Record extracts
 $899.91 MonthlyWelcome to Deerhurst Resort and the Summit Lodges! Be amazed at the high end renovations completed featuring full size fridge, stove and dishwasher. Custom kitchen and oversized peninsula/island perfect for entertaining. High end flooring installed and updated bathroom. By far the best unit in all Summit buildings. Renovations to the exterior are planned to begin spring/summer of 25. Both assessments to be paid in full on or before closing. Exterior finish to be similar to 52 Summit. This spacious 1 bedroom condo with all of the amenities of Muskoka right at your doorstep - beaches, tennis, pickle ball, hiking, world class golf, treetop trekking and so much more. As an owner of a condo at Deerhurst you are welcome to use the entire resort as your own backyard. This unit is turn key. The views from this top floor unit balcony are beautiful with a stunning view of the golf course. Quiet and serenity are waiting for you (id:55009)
* * *
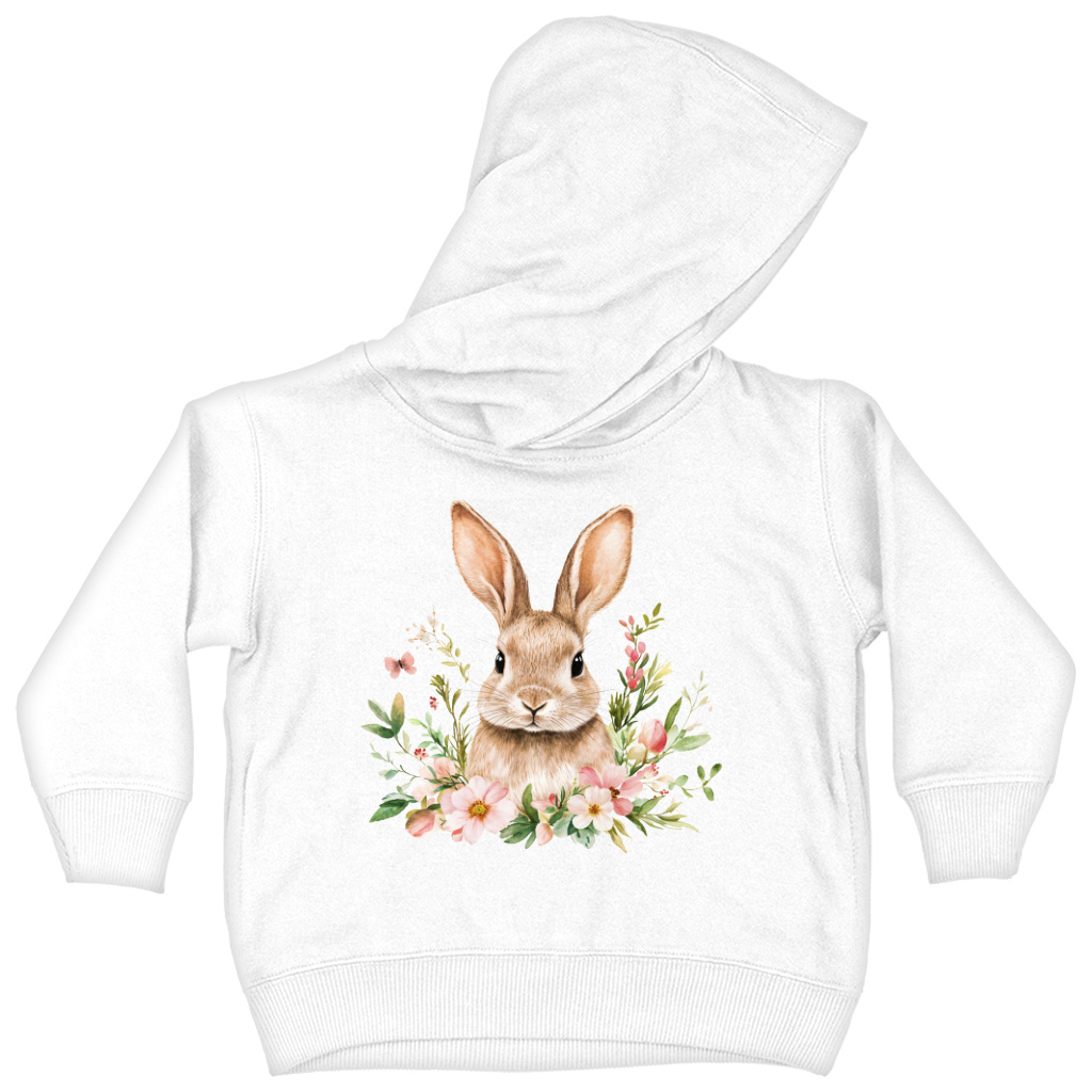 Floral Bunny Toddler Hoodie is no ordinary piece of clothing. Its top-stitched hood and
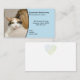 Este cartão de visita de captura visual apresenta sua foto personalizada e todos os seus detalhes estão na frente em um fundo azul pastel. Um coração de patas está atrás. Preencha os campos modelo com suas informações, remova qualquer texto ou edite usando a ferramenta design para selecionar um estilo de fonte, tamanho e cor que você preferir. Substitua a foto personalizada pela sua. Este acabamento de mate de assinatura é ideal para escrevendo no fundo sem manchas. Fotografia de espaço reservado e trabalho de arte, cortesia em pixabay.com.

Exercise prompt
All pictures are to be skipped. Output, word for word, the lines in the data above starting at the line containing "Floral Bunny Toddler" and ending at the line containing "Este cartão de".

Solution
 Floral Bunny Toddler Hoodie is no ordinary piece of clothing. Its top-stitched hood and
 Este cartão de visita de captura visual apresenta sua foto personalizada e todos os seus detalhes estão na frente em um fundo azul pastel. Um coração de patas está atrás. Preencha os campos modelo com suas informações, remova qualquer texto ou edite usando a ferramenta design para selecionar um estilo de fonte, tamanho e cor que você preferir. Substitua a foto personalizada pela sua. Este acabamento de mate de assinatura é ideal para escrevendo no fundo sem manchas. Fotografia de espaço reservado e trabalho de arte, cortesia em pixabay.com.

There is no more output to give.